## PROBLEM DESCRIPTION
With pictures removed, print the listing exactly.

## GIVEN MATERIAL
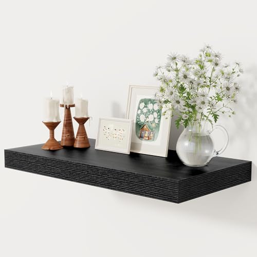 12 Inch Deep Black Floating Shelves, 24 x 12 Floating Shelf for Books, Rustic Wood Deep Wall Shelves for Home Storage & Display, 2" Thicked Shelves for Kitchen, Living Room, Bedroom, 1 Pack
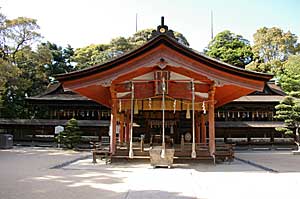 拝殿 天文八年(1539)毛利元就の建立。檜皮葺切妻造。国の重要文化財。 |
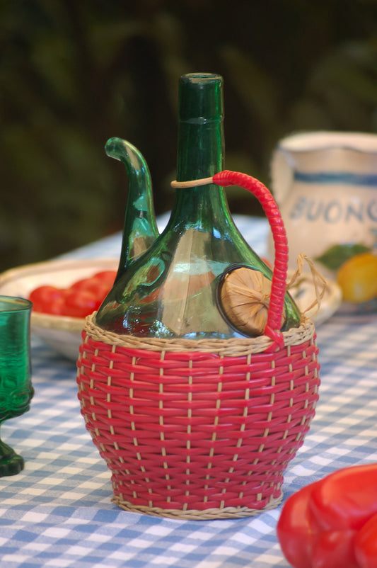 Vintage 1960s Italian emerald-green Empoli glass decanter with ice chamber. Red wicker decorated. Hand-blown in Tuscany.

## RESULT FOR THIS EXERCISE
 12 Inch Deep Black Floating Shelves, 24 x 12 Floating Shelf for Books, Rustic Wood Deep Wall Shelves for Home Storage & Display, 2" Thicked Shelves for Kitchen, Living Room, Bedroom, 1 Pack
 拝殿 天文八年(1539)毛利元就の建立。檜皮葺切妻造。国の重要文化財。 |
 Vintage 1960s Italian emerald-green Empoli glass decanter with ice chamber. Red wicker decorated. Hand-blown in Tuscany.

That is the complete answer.